Deadpool & Wolverine feels like Costco-sized wish fulfillment for all the millennial fans of the Fox Marvel movies that seemed destined for the dumpster once Disney scarfed up their parent studio, as Hugh Jackman comes back once again as a variant of his take on Wolverine and the X-Men lore plays heavily into the plot. He’s splendid, as is the way the film weaves in Emma Corin’s evil Charles Xavier twin sister and all the ragtag characters from Fox Marvel’s past we wouldn’t dare spoil for you.
Indeed, there are countless Fox Marvel cameos to make the greying nerds yelp in celebration, but they’re not just shoehorned in for pandering satisfaction. The entire movie is a half-drunk, slap-happy eulogy to a time when you didn’t get the same dad gum superhero movie series multiple times a year and on your television streaming services, one where you could run from the heroes until you started to miss them again. It’s a film practically begging its cosmic overlords to let things die and honor their flawed accomplishments by refusing their exhumation for marketing opportunities.
The film, does so by ignoring its own pleas with reckless abandon, the film’s opening scene such an aggressively garish disrespect to the emotional anchor weight of the Logan ending that it somehow does blindfolded backflips into unbelievable levels of endearment. By being so willing to do something positively grotesque with one of the great superhero finales ever, you feel the unabashed love and respect for why that ending is such a wallop in ways the MCU feels allergic to finding in its own movies.
In Feige’s world, you either refuse to take a joke or refuse to take it seriously, creating a tonally confusing vacuum where punchlines get strewn about like Legos on the carpet and generational emotional payoffs get undone a week later by multiverse nonsense.
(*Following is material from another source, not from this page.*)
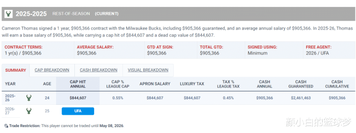 托马斯在被篮网裁掉后,他与雄鹿签下的是一份84万的底薪契约,火箭距离第二糜掷税征点还剩125万,按理说火箭也给得起,并且火箭队正巧是14+3名单,火箭队莫得追赶他确定是因为乌度卡以为他防护弗成,然而火箭队本赛季最差的方面是要紧,要道时刻只可看杜兰特、申京两个点。

The Deadpool formula has no time for such tepid commitment, jumping butt-naked into its darkest, gut-busting vices and winningly brash, radio-pop soundtrack choices.
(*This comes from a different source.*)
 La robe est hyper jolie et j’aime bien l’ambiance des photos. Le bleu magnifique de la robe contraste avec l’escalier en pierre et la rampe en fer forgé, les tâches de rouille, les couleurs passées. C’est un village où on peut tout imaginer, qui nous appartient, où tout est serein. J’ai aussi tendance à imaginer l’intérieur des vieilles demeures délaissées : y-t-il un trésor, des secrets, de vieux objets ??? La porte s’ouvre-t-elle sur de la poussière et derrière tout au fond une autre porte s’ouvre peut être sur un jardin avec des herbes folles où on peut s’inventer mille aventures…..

While it feels a bit self-defeating for a movie so passionately begging for the MCU to learn from its mistakes of oversaturation to be juxtaposed with Feige even vaguely discussing a world where the studio resurrects Robert Downey Jr.’s very, very dead Iron Man, you still appreciate Wade Wilson’s wisecracking wisdoms. His trolling is also deathly sincere, opposed to the cloying irony that has so often plagued these recent Marvel films when they’ve tried to be funny.
Deadpool & Wolverine is a very good X-Men movie, an absolutely hysterical Deadpool movie and probably the most daring MCU movie not directed by Gunn or Raimi since the first Black Panther. It’s also the anti-MCU movie, flipping through a dusty scrapbook from under the bed that reminds us unceasing uniformity never beats a fast food meal with a last, greasy bite.
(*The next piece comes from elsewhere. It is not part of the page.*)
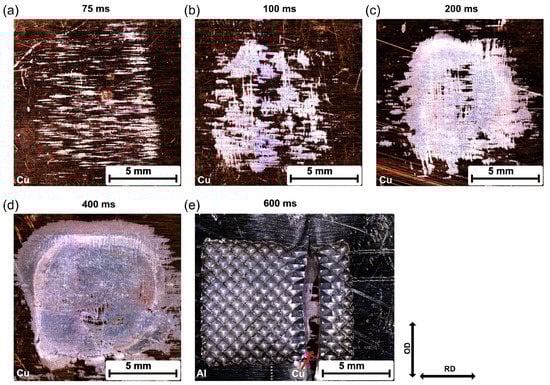 It can be seen that the morphology of the residual Al changed with increasing welding time. When the welding time was 75 ms, minimal residual Al remained on the Cu surface, and traces of Al oriented in line with the RD. Because no actual joint was formed at this time, this residual Al should have been the attached Al fragments shown in Figure 6. This suggests that the initial Al/Cu bonding mainly concentrated on the microasperities. As the welding duration increased, the microwelds grew in the OD, and large continuous welded areas were formed. However, the welded area propagated extremely inhomogeneously during the welding process, as can be seen in Figure 11b–d. Generally, most welded areas were located close to the edges of the weld zone, while some unbonded areas could still be observed at the center of the welding zone. This heterogeneous welded area could have been caused by the temperature, stress distribution, or surface morphology of the individual joining partners during USMW. When the welding time exceeded 600 ms, the bonding strength at the weld interface was stronger than the strength of the Al base material. Here, the failure crack propagated across the width of the aluminum, as illustrated in Figure 11e. Owing to the penetration of the sonotrode, extensive plastic deformation occurred at the aluminum surface and resulted in material thinning, which reduced the failure load of the Al base material.

After all the silly handwringing about Martin Scorsese correctly saying that the MCU films aren’t classical cinema, how delightful to finally get one of these movies that’s so comfortable in its identity as theme park fun that it gets much closer to a cinematic standard than any of its boring peers.
This isn’t Lawrence of Arabia, but it’s sure better than Ant-Man: Quantumania. Even Deadpool knows when it’s time to shut up and let someone else do the talking.